As someone who has written on the War Against Christmas for both Chronicles and VDARE.COM since 2001, it should come as no surprise that my perspective is different from Thomas Fleming’s. I welcome anyone, Christian or non-Christian, who is willing to defend this matchless holiday, and look with suspicion on all those who are hostile to Christmas, whether they are multiculturalists, secularists, or Christian purists whose arguments resemble those of the Puritans who did succeed in suppressing Christmas for a time in both England and parts of America.
Growing up, I loved the whole thing: going to the wonderfully decorated Higbee’s and May’s department stores in downtown Cleveland (anyone who has ever seen A Christmas Story has seen the main floor of Higbee’s decorated for Christmas); ‘Twas the Night Before Christmas, which my Dad read to my sister and me on Christmas Eve and which my sister now reads to her children on Christmas Eve; driving down neighborhood streets to view the decorated houses; welcoming carolers to our door, and singing Christmas carols in my public school and at Mass; listening to Christmas records—including some by Andy Williams—while we decorated the house; and having our traditional Polish Christmas Eve dinner, which helped mark Christmas Eve as the most special night of the year for me. The view I formed of Christmas, as I wrote in The American Conservative at Christmas 2003, was that it “was a special and wonderful time of year, marked by kindness and good cheer, with its myriad celebrations all . . . ultimately stemming from the birth of the One who, in Dickens’ words, ‘made lame beggars walk and blind men see.’”
Despite my objections to the War Against Christmas, I have seen no reason to change this basic view. The American Christmas I grew up with was fundamentally good, and it deserves a defense against those who seek its demise. It is true, as Dr. Fleming writes, that Christianity would survive even if “We could eliminate all Christmas music ever written, outlaw Christmas trees and figgie pudding [and] carry out Scrooge’s wish: ‘If I could work my will any idiot who goes around with a Merry Christmas on his lips would be cooked with his own turkey and buried with a stake of holly through his heart.’” Christianity also survived the catacombs and the Gulag, but I have no desire to live in either. And our world would be much poorer if Christmas trees and Christmas music were to disappear.

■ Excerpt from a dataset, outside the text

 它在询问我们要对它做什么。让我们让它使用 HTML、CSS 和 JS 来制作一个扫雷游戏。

Worrying about the theological shortcomings of Charles Dickens comes close to the Puritan logic that began by objecting to revelry and merrymaking at Christmas and ended up objecting to the whole thing. Indeed, the profusion of great art and music surrounding Christmas has long appeared Providential to me. A few years ago, the director at a Cleveland Orchestra Christmas concert remarked that more music had been written for Christmas than any other occasion. The reason for this, I believe, is that Christmas celebrates something (really Someone) real, and that reality is attractive even to many who do not believe in Christ. At the very least, the fact that non-Christians enjoy parts of Christmas and indeed have contributed to its celebration is a reflection of the richness of Western civilization, and also represents an opportunity to help restore our culture to sanity.

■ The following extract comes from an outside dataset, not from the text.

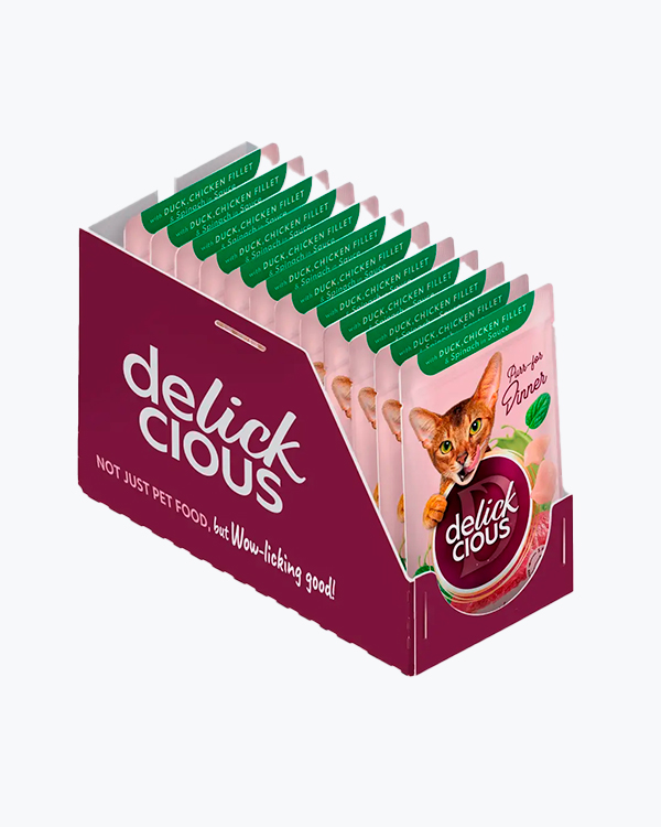 Вологий корм для котів Delickcious with Duck, Chicken Fillet & Spinac, з качкою, курячим філе і шпинатом, 85 г, (12 шт)

Whenever I think of the beauty of Christmas, I think of my father’s late brother, who was among those who helped instill in me a love for Christmas. A fan of Dickens, he used to quote from memory long portions of A Christmas Carol, and helped me to come to love Dickens’ masterpiece. He also used to play his cello for us on Christmas Eve, introduced me to the great English choirs and their performances of Christmas carols, and made wonderful Christmas decorations for my grandparents’ house, including large golden angels and elaborate paper ornaments for the tree. My uncle did not go to church for most of his adult life, but he never lost his love for Christmas, and that love helped preserve a tie to the Church that helped my uncle return to Her before the end. Christmas has been an occasion of grace for many, and mostly scandalizes those looking for a reason to be scandalized.
Yes, there are tacky Christmas songs and tacky Christmas decorations, but even many of these are an attempt to convey something positive, if only jollity. Yes, people spend too much money at the stores at Christmas, but many Christmas purchases represent generosity, not “consumerism,” and Christmas also marks the time when people give the most to charities and think most of helping others. Yes, the American Christmas does not coincide with the liturgical calendar, but neither does any other aspect of American life, and I do not regret the Christmas concerts and parties I have attended before December 24, much less think that I should be indifferent to their suppression because they come while my Church is observing Advent. As long as we insist that what we celebrate is Christmas, the nice aspects of the holiday will predominate. When everyone celebrated Christmas, not “holiday,” even retailers felt the need to try and create something special, as those of us with warm memories of visiting downtown department stores in their heyday can attest. We have a long way to go in restoring Christmas to what it once was in this country, but we have made great progress since people came to realize that there is indeed a War Against Christmas and began resisting. This is a fight worth fighting and a fight worth winning.